* **TASK ITEM**: Omit the pictures and output exactly the lines from the start of the entries through the line containing "Овом приликом желимо".

* **EXCERPTED DATA**:
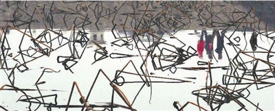 圖:進(jìn)入冬季,治水植物的殘枝敗葉漂浮在湖面上。記者高寶燕攝
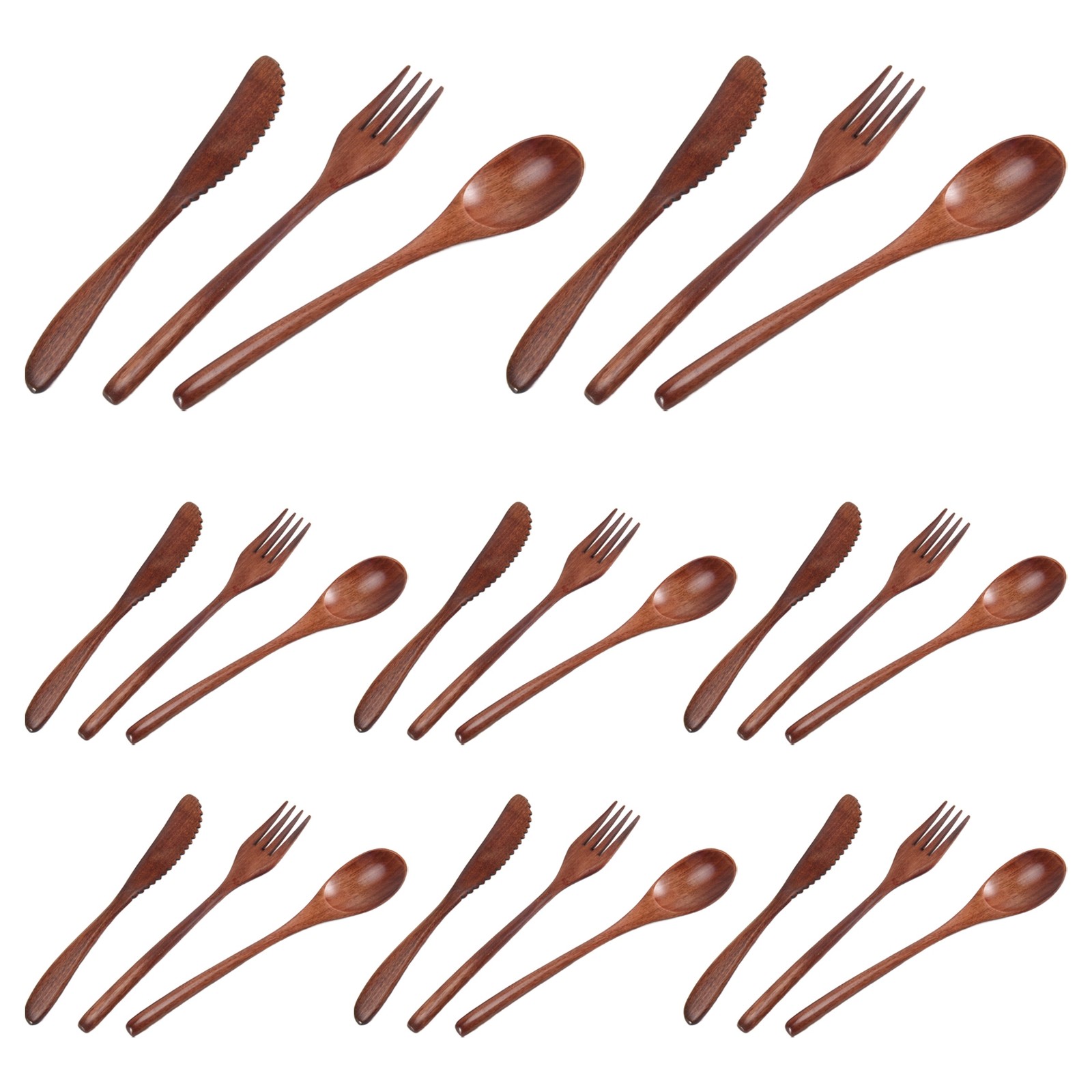 15 Pcs Wooden Spoon Fork Cutlery Set Wooden Dinner Utensil Set Kitchen4072
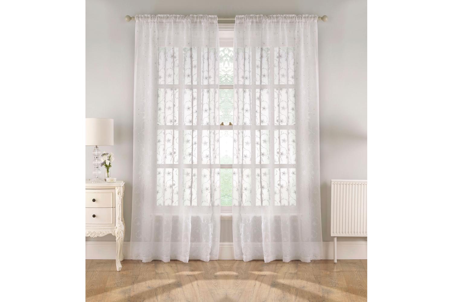Illuminate your spaces while honouring our natural beauty with the 55x54 White Rod Pocket Belle Pair of Sheer Floral Embroidery Voile Panels from Tyrone Textiles. This appealing home accommodating furnishing piece serves not only as a functional element in your favourite rooms but also as an art piece captivating the essence of good taste coupled with sophistication.
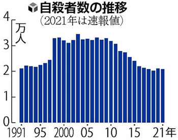 近年 コロナ の影響かまた 自殺者 が増えているそうです。
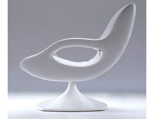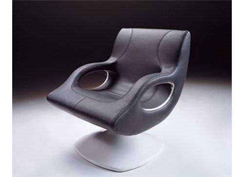 Swing Chair Furniture — August 6, 2004 Posted by Anthony Swivel armchair by Karim Rashid for Frighetto Swivel armchair with shaped steel section frame, covered with moulded polyurethane foam. Available in leather and fabric. Swivel base. Designer: Karim Rashid Link: Frighetto Reference: Karim Rashid (L+L)
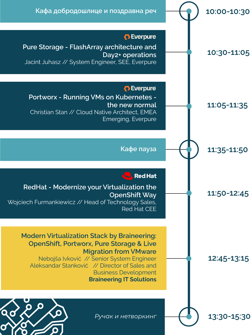Овом приликом желимо да Вас позовемо да 31.3.2026. присуствујете догађају у Golf Club Ada, Ада Циганлија 2, у Београду, током којег ћемо представити техничке могућности Everpure (formerly Pure Storage), Portworx и Red Hat производа у сфери виртуелизације.
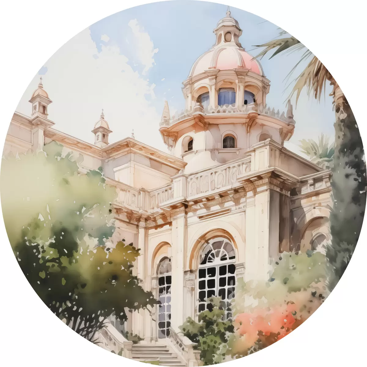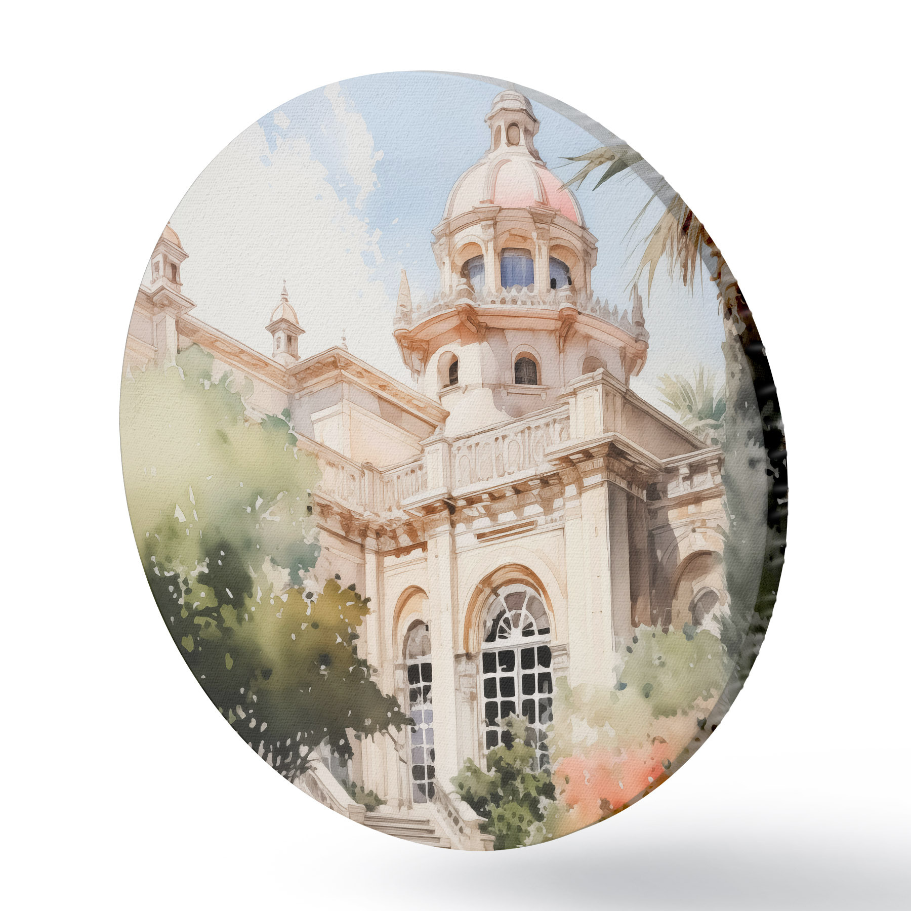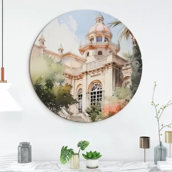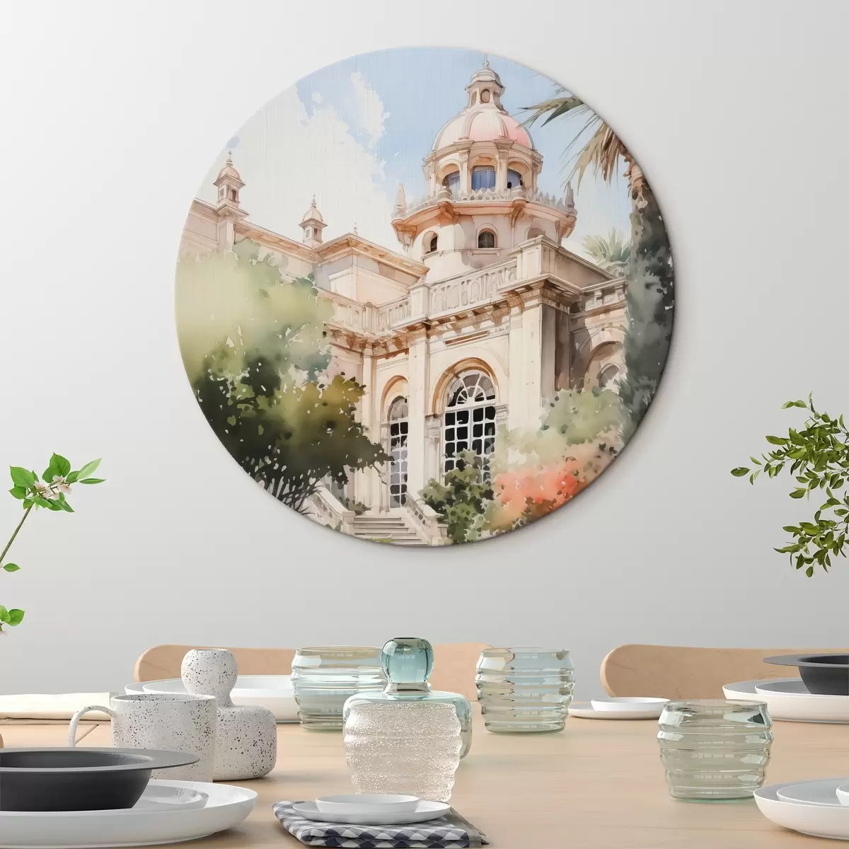 Apaļas gleznas Dārzs pie mājas imitācija akvarelis r42362

* **SOLUTION TO THE EXERCISE**:
 圖:進(jìn)入冬季,治水植物的殘枝敗葉漂浮在湖面上。記者高寶燕攝
 15 Pcs Wooden Spoon Fork Cutlery Set Wooden Dinner Utensil Set Kitchen4072
Illuminate your spaces while honouring our natural beauty with the 55x54 White Rod Pocket Belle Pair of Sheer Floral Embroidery Voile Panels from Tyrone Textiles. This appealing home accommodating furnishing piece serves not only as a functional element in your favourite rooms but also as an art piece captivating the essence of good taste coupled with sophistication.
 近年 コロナ の影響かまた 自殺者 が増えているそうです。
 Swing Chair Furniture — August 6, 2004 Posted by Anthony Swivel armchair by Karim Rashid for Frighetto Swivel armchair with shaped steel section frame, covered with moulded polyurethane foam. Available in leather and fabric. Swivel base. Designer: Karim Rashid Link: Frighetto Reference: Karim Rashid (L+L)
Овом приликом желимо да Вас позовемо да 31.3.2026. присуствујете догађају у Golf Club Ada, Ада Циганлија 2, у Београду, током којег ћемо представити техничке могућности Everpure (formerly Pure Storage), Portworx и Red Hat производа у сфери виртуелизације.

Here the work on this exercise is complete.